## [Exercise description]
Only the lines below from the one that contains "Israel's Messenger was" through the one that contains "Je viens d'apprendre" should appear in your answer, exact and without pictures.

::: Records for this task

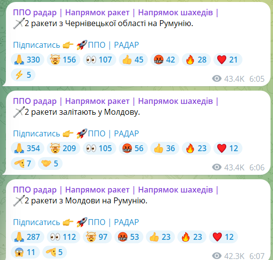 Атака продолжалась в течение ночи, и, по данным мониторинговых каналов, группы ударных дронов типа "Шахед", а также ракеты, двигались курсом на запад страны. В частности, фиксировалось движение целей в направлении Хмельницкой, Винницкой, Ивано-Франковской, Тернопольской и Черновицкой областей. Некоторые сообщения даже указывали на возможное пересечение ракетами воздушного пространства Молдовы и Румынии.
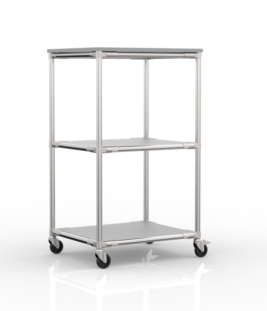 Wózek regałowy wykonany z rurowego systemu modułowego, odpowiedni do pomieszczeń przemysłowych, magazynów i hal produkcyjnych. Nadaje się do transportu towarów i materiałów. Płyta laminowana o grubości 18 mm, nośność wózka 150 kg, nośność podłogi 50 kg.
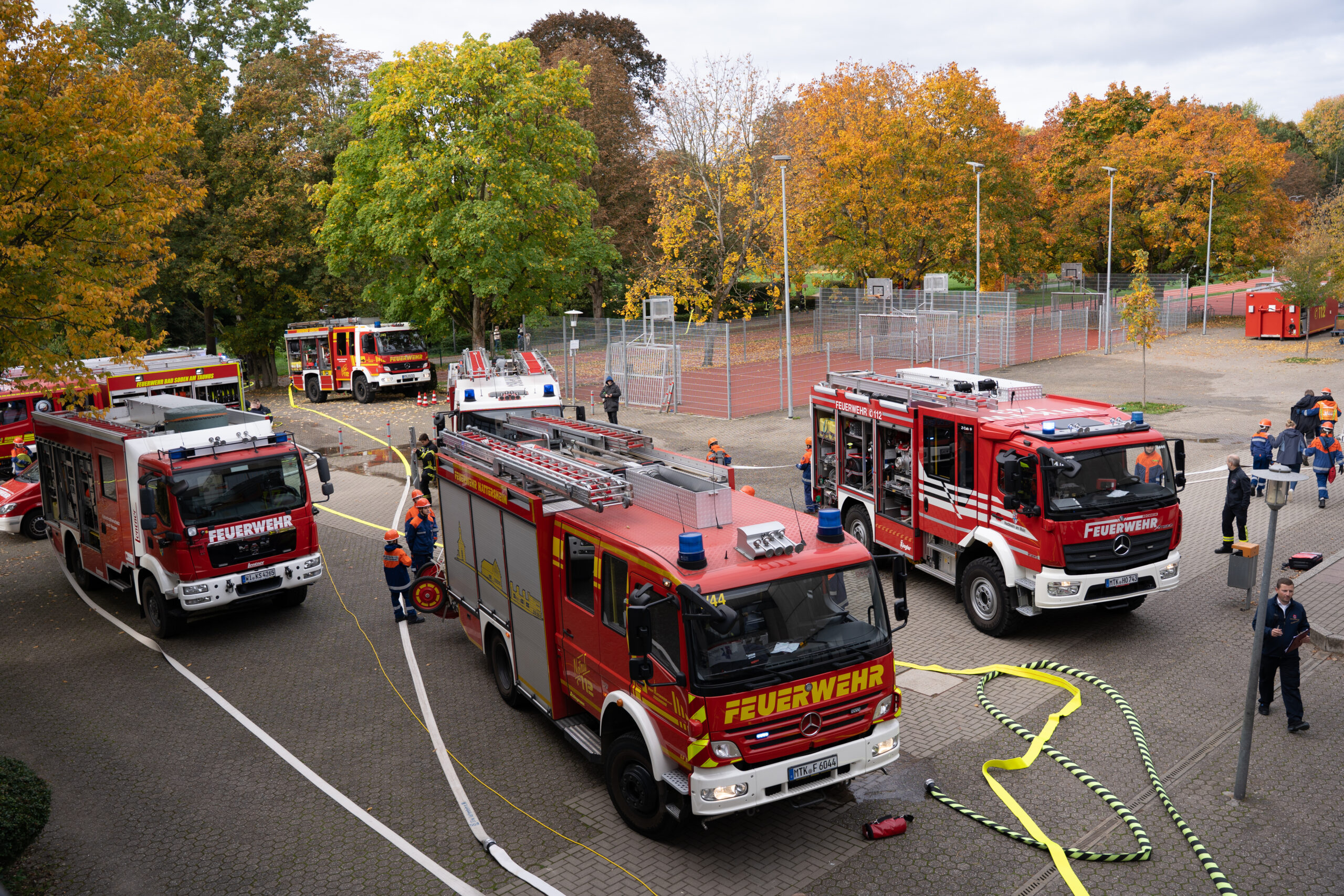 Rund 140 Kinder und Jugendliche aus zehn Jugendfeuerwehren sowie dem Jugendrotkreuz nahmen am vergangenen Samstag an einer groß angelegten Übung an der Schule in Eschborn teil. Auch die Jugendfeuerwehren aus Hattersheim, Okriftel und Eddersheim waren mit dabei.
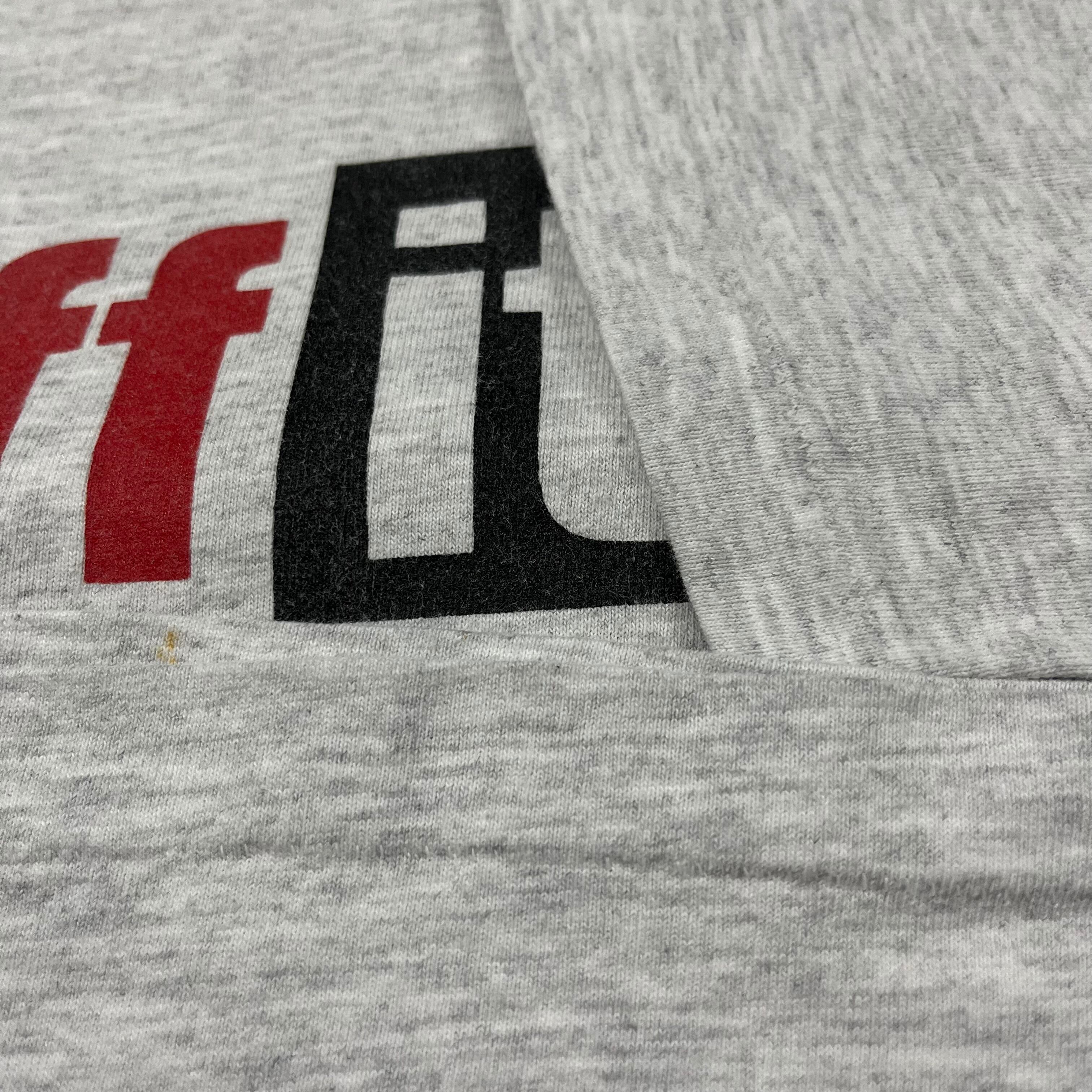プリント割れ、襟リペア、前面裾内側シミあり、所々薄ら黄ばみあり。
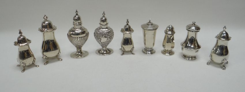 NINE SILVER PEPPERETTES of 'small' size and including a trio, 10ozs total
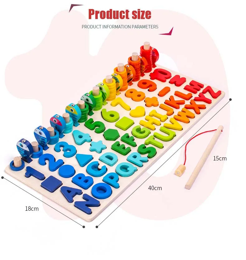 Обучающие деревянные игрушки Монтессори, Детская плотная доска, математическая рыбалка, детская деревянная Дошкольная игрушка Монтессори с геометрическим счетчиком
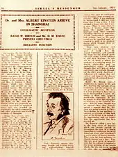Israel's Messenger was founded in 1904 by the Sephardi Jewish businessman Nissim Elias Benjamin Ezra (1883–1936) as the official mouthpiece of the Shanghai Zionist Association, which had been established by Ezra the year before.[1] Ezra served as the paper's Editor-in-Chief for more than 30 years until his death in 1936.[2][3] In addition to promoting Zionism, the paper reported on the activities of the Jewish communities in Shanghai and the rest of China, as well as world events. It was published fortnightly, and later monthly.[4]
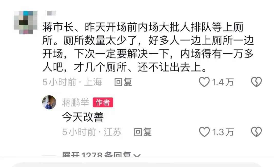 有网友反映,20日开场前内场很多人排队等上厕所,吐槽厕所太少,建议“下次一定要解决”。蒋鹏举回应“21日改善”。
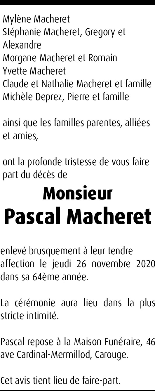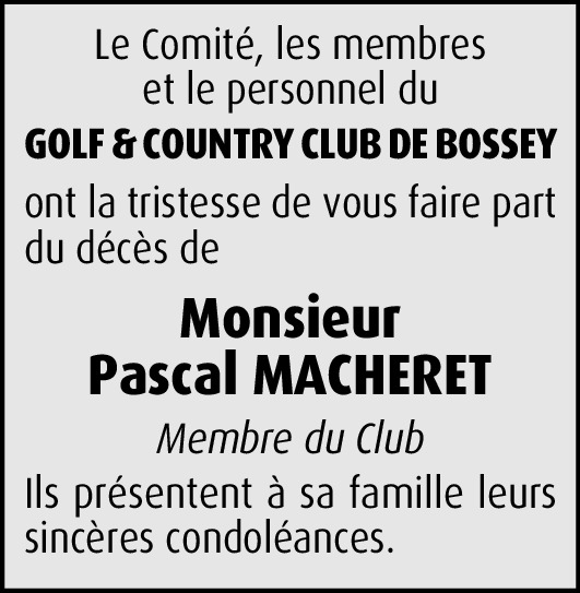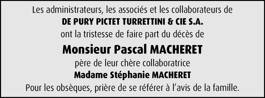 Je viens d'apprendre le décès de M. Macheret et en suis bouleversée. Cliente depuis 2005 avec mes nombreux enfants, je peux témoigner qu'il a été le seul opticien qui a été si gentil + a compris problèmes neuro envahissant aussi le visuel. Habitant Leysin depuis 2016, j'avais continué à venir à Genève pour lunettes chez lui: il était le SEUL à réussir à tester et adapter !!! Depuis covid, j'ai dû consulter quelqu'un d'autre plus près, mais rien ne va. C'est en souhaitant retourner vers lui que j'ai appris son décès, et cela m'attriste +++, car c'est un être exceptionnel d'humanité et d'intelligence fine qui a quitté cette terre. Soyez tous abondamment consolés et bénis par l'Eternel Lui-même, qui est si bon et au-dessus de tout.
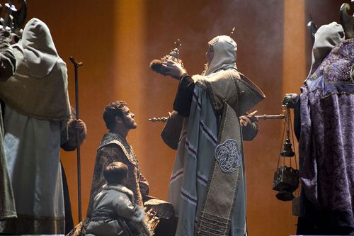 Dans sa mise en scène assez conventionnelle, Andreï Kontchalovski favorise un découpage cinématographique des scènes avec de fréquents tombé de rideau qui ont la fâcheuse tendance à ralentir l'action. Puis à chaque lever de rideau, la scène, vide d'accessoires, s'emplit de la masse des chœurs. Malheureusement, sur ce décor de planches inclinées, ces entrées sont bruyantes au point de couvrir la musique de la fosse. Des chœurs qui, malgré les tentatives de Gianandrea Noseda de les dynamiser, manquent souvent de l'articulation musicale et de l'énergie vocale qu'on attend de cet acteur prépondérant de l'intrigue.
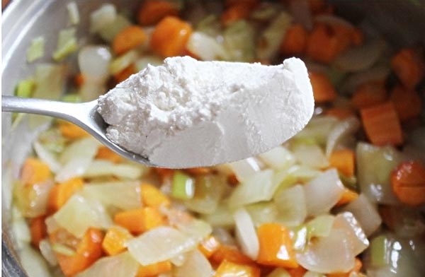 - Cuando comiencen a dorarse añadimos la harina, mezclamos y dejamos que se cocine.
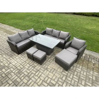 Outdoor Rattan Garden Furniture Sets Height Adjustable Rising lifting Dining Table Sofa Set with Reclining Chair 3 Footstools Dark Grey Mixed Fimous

::::::

## [Written answer]
Israel's Messenger was founded in 1904 by the Sephardi Jewish businessman Nissim Elias Benjamin Ezra (1883–1936) as the official mouthpiece of the Shanghai Zionist Association, which had been established by Ezra the year before.[1] Ezra served as the paper's Editor-in-Chief for more than 30 years until his death in 1936.[2][3] In addition to promoting Zionism, the paper reported on the activities of the Jewish communities in Shanghai and the rest of China, as well as world events. It was published fortnightly, and later monthly.[4]
 有网友反映,20日开场前内场很多人排队等上厕所,吐槽厕所太少,建议“下次一定要解决”。蒋鹏举回应“21日改善”。
 Je viens d'apprendre le décès de M. Macheret et en suis bouleversée. Cliente depuis 2005 avec mes nombreux enfants, je peux témoigner qu'il a été le seul opticien qui a été si gentil + a compris problèmes neuro envahissant aussi le visuel. Habitant Leysin depuis 2016, j'avais continué à venir à Genève pour lunettes chez lui: il était le SEUL à réussir à tester et adapter !!! Depuis covid, j'ai dû consulter quelqu'un d'autre plus près, mais rien ne va. C'est en souhaitant retourner vers lui que j'ai appris son décès, et cela m'attriste +++, car c'est un être exceptionnel d'humanité et d'intelligence fine qui a quitté cette terre. Soyez tous abondamment consolés et bénis par l'Eternel Lui-même, qui est si bon et au-dessus de tout.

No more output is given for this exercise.